Buchmacher sagen “pro EU” voraus
Doch die Hoffnung überwiegt, noch am Wahltag veröffentlichte Umfragen sehen eine Tendenz zum Verbleib, die Buchmacher in den Wettbüros haben sich längst pro EU festgelegt und die Quoten für einen solchen Ausgang am Donnerstag noch einmal verbessert. Und auch die Finanzmärkte scheinen an Großbritanniens Zukunft im Club der 28 zu glauben: Das britische Pfund startet mit einem klaren Plus in den Tag, erreichte im asiatischen Handel sogar ein Jahreshoch.
Insgesamt haben sich mehr als 46 Millionen Wähler registriert, wie viele tatsächlich wählen gegangen sind, ist erst später klar. Kommt es zum “Out”, würde das wohl die ganze Europäische Union in eine tiefe Krise stürzen. EU-Kritiker in anderen Mitgliedsländern verfolgen das Geschehen in Großbritannien mit Argusaugen.
Junge Briten gegen den Brexit
Die Briten lassen sich davon nur bedingt beeindrucken. Der 22-jährige Ian ist auf seinem Weg zum Pendlerzug noch schnell ins Wahllokal gehuscht. Der Werbefachmann wohnt in einem ehemaligen Arbeiterviertel im Südosten der Stadt mit vielen kleinen Reihenhäuschen aus Backstein. “Ich habe für den Verbleib in der EU gestimmt und ich glaube, dass wir mit einer knappen Mehrheit gewinnen werden”, sagt er.

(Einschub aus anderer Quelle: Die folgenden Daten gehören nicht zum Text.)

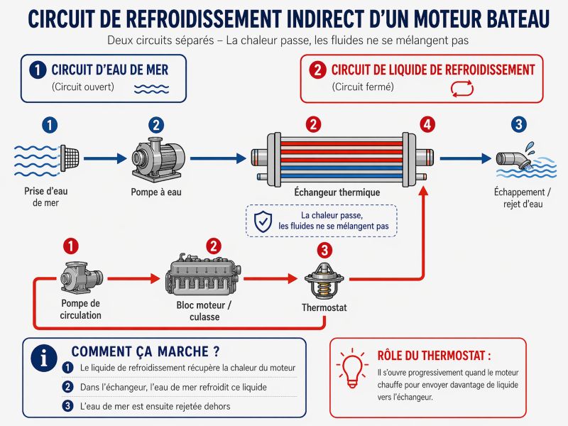 Schéma comparatif : circuit direct = eau extérieure dans le moteur ; circuit indirect = liquide de refroidissement dans le moteur + eau extérieure dans l’échangeur.
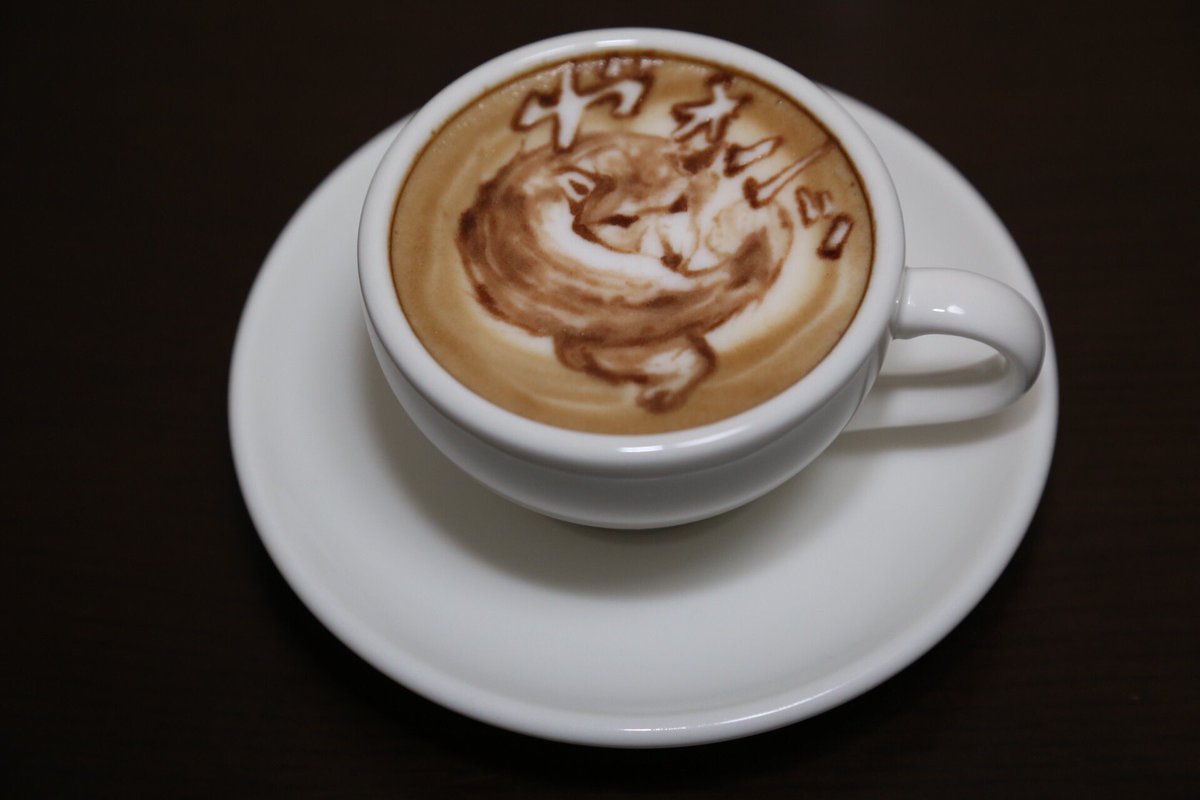 ▼「右勾拳柴犬」變成咖啡拉花,也是很棒的裝飾呢。喝下這杯咖啡,能夠得到無與倫比的力量嗎?

Was ihn so optimistisch macht? “Die jungen Leute sind überwiegend für die EU-Mitgliedschaft.” Sie werden dieses Mal zur Wahl gehen, trotz Regen, da ist er sich sicher. “Es steht einfach zu viel auf dem Spiel”, sagt er. Allerdings: Zehntausende gerade junger Leute sind auf dem Weg nach Glastonbury, wo das berühmteste britische Rockfestival steigt. Die Veranstalter riefen schon im Vorfeld dazu auf: “Geht vorher noch wählen.”
Wunsch nach der “guten alten Zeit”
Ähnlich optimistisch wie Ian sind auch Robin und Rose Bambrough – allerdings genau für die andere Seite. Die beiden Rentner haben für einen Austritt aus der EU gestimmt. Vor allem wegen der Einwanderer. “Es sind einfach zu viele”, sagt der 75-jährige Robin Bambrough. Das Stadtviertel habe sich in den vergangenen Jahren immer mehr zum Nachteil verändert. “Schauen Sie doch nur, wie es hier aussieht”, sagt er und zeigt auf Plastiksackerl und anderen Müll, der über die Straße verteilt ist. Verantwortlich seien dafür vor allem Einwanderer aus Rumänien und Bulgarien, glaubt er.
Erst recht wütend hat die beiden die Warnung von Premierminister Cameron und Finanzminister George Osborne gemacht, im Falle eines Brexits könnten die Pensionen gekürzt werden. “Da haben viele gesagt: jetzt erst recht”, meint die 74-jährige Rose Bambrough. Egal welche Seite am Ende die Oberhand behalten wird: Die britische Gesellschaft zeigt sich am Wahltag tief gespalten.
Großbritannien vor einem Wendepunkt
Dass sich das am Tag nach dem Referendum ändern wird, scheint zweifelhaft. Deshalb sind sich Politexperten einig: “Es gibt kein Weiter so!” Möglicherweise auch nicht für David Cameron, der das Referendum zum Kernpunkt seiner politischen Agenda gemacht hat – auch motiviert durch parteiinterne Querelen bei seinen konservativen Tories. Die britischen Buchmacher nehmen Wetten nicht nur auf den Ausgang des Referendums an – auch auf den Abgang des Premierministers.